Weak dollar, cheap oil expected to boost farm income

© AgMedia Inc.


That the value of Canadian farm assets, particularly land, is rising faster than farm debt absolutely does NOT indicate a healthy farm economy because the value of farm land is increasing mostly because of stratospheric price/earnings multiples - a factor this report seems to have ignored and which therefore renders the conclusions of this report effectively meaningless.

More to the point, it is, I suggest, unethical and misleading for the authors of this report to not explore or even mention the "bubble" factor affecting farm land valuations.

I also suggest they didn't explore it, partly because it's not likely that anyone at Ag Canada knows anything about business and/or investment valuation, but more likely because they people paying the bills, the feds, want to make farming look so rosy that they can cut back farm assistance programs yet again.

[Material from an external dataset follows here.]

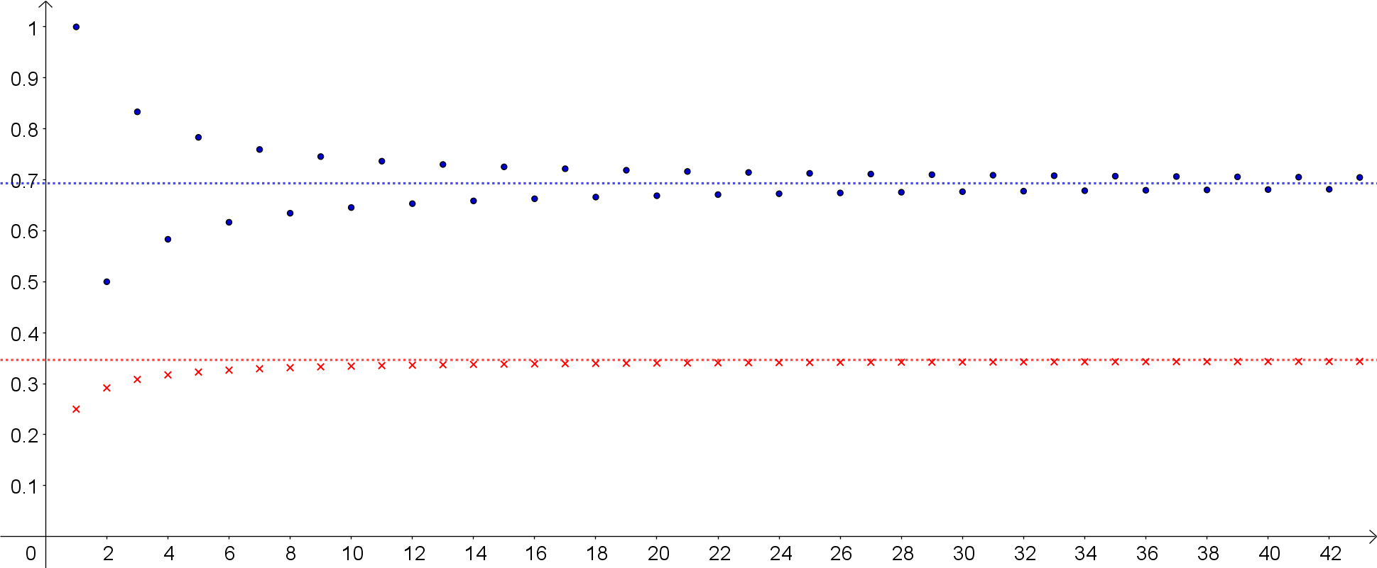 Un exemple classique est celui de la série harmonique alternée, notée \(S\) : \({1}-\frac{1}{2}+\frac{1}{3}-\frac{1}{4}+\frac{1}{5}-\frac{1}{6}+\frac{1}{7}-\frac{1}{8}+\frac{1}{9}-\frac{1}{10} + ...\).

Stephen Thompson, Clinton ON

Quoted from the print edition of BF August 15, by Mr. Barry Wilson
"Debt levels and servicing costs can only go in one direction-up.
Rising asset values are not a hedge against higher debt except at time of asset sale. Debt is serviced by fluctuating cash flow, not asset worth.
When the next income downturn arrives, producers will quickly realize that changes made to safety net programs in the 2013 iteration of the Growing Forward policy framework have sharply reduced their protection when prices and incomes go south."

Raube Beuerman

For AAFC to claim Canadian agriculture is "healthy" even though land prices are in a price/earnings bubble, would normally be called "making a material misrepresentation" because no business or industry in a price/earnings bubble can ever be healthy.

More to the point, if:

(A) $35 billion of unearned and undeserved quota values were taken off the balance sheet of Canadian agriculture because it's really consumer equity transferred, against their will, from one group in society to another.
(B) farm income was to be revised to show farm incomes based on world prices, instead of artificial prices, for dairy and poultry products:
(C) instead of valuing farmland at its present "bubble" factor of anywhere up to 50 times earnings, it was to be valued at a far-more realistic and sustainable 15 times earnings, including earnings for dairy and poultry farms based on world pricing.

then, and only then, would the AAFC data represent reality.

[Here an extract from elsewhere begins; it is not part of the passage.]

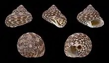 The height of the shell attains 11 mm, its diameter 14 mm. The umbilicate shell has a depressed-globose conic shape. It is, polished, shining, blackish, olive or purplish brown, unicolored, dotted or tessellated with white, often with short flames of white beneath the sutures and always more or less marked with white around the umbilicus . The spire is conical. The sutures are simple and impressed. The 5 to 6 whorls are convex. The upper surface is marked with obsolete, frequently almost imperceptible line, the interstices between them finely spirally striate. The base of the shell is smoother, and lightly concentrically marked around the center. The aperture is rounded. The outer and basal margins are crenulated within. The columella bears a small tooth above and below, concave between them, deeply entering the umbilicus, but inserted on its edge. The umbilicus is rather deep, smooth within and bordered by an irregularly crenulated rib.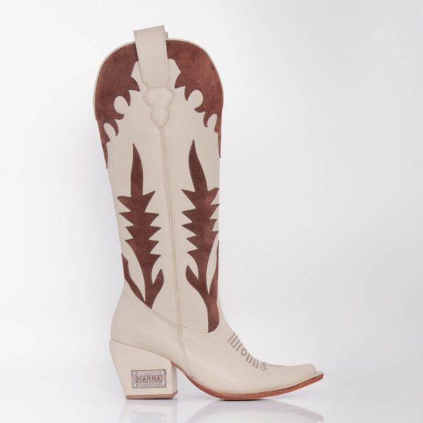 Bota texana de cuero vacuno color beige, combinado con gamuza vacuna color chocolate. Fondo de suela color natural con vira al tono. Taco de 7 cm de alto. Altura total de caña (desde el talón) de 35 cm.

As it is now, the AAFC picture not only presents a distorted picture of reality, it's a contemptible distortion of reality because even the most-junior level financial analyst knows better than to ignore the material relevancy of what actually affects the numbers being proffered.

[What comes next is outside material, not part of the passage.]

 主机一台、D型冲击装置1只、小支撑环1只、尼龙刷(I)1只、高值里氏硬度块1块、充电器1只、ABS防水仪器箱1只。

Stephen Thompson, Clinton ON

Yup, Meyer says farm assets are rising faster than farm debt.

I heard that in the 70's and the bankers gave money freely because we could cash flow debt against assets. and then the recession hit.

I heard it again in the 1980's. Borrow against the assets but then 1987 hit. Recession with double digit interest rates.anyone that buys into government rhetoric is doomed to repeat history.